- European box art From left to right: Agumon, Guilmon (highlighted), and Veemon.
- Developer: Griptonite Games
- Publisher: Bandai
- Series: Digimon
- Platform: Game Boy Advance
- Release: JP: April 1, 2004; PAL: April 30, 2004; NA: September 13, 2004;
- Genre: Racing
- Modes: Single-player, multiplayer

= Digimon Racing =

2004 racing video game

 is a racing video game developed by Griptonite Games and published by Bandai (now Namco Bandai Games) for the Game Boy Advance. Part of the Digimon media franchise and video game series, it utilizes Digimons characters and elements. Its gameplay largely resembles that of traditional racing games, but also utilizes elements of kart racing and action games. Its eleven playable characters can be increased to over 33 via Digivolution.

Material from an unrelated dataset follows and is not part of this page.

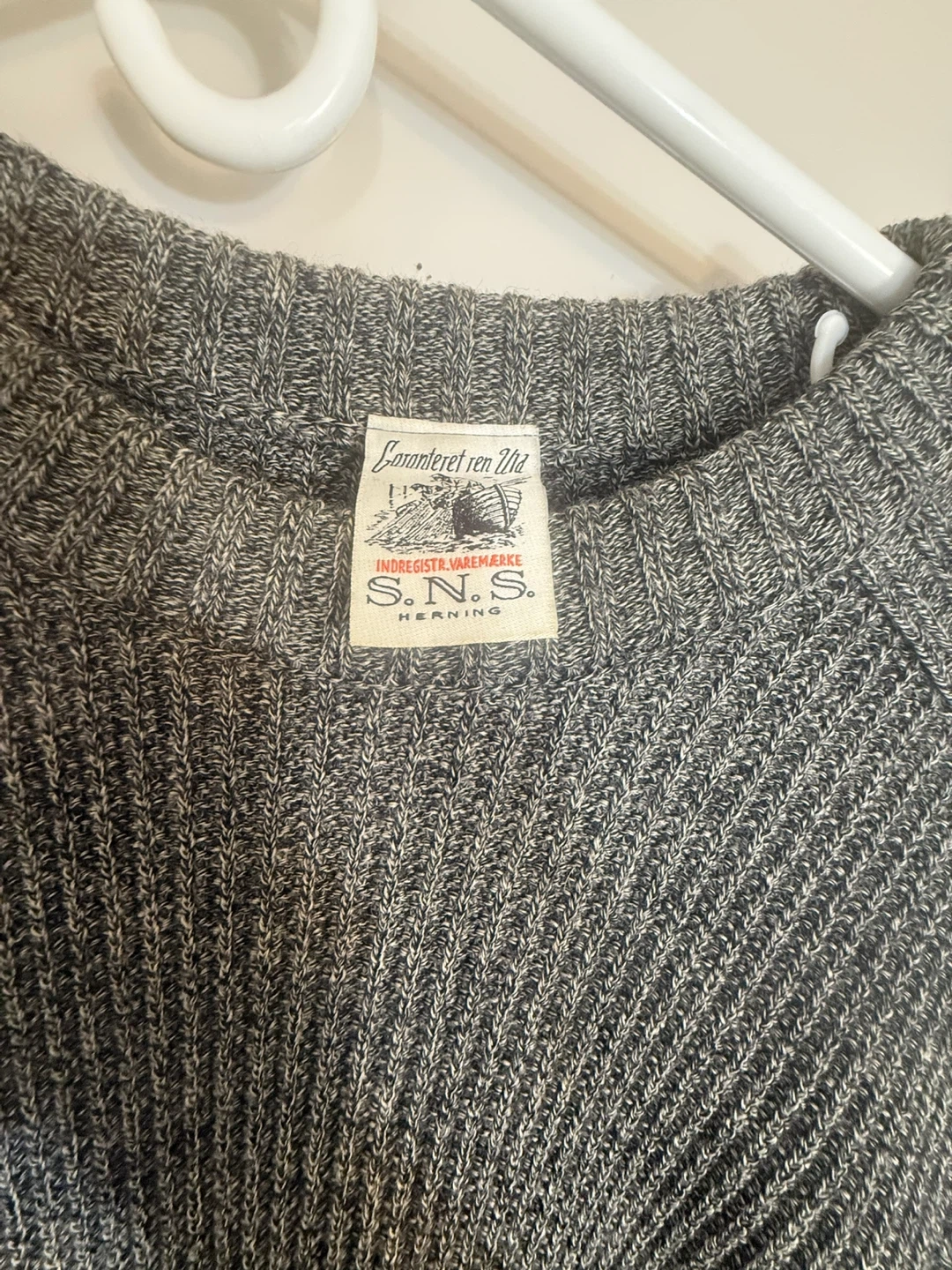This S.N.S. Herning sweater is made from 100% merino wool. It's knitted in Denmark and sewn in Latvia. Comes in a size large.

Digimon Racing uses 2D scaled graphics and voice acting. The game was initially announced at Electronic Entertainment Expo (E3) 2003 and later exhibited at E3 2004. It was released on April 1, 2004, in Japan; April 30 in Europe; and September 13 in North America. It received mixed reviews from critics upon release, with criticism directed at its resemblance to other kart racers of the time and praise at some aesthetic and gameplay aspects.

==Gameplay==

Greymon, an evolutionary form of Agumon, competes in a race. HUD features clockwise from top left: ranking, time elapsed, lap, course map, two items that he can use at will, and energy meter.

Digimon Racing is a racing video game that utilizes characters and elements from Digimon as well as those of traditional racing games. The game follows a group of Digimon competing in a racing tournament within the Digital World, home to all Digimon. The purpose of the grand prix is to determine who is the best racer; thus, they use specially designed karts that equate all contestants in terms of ability.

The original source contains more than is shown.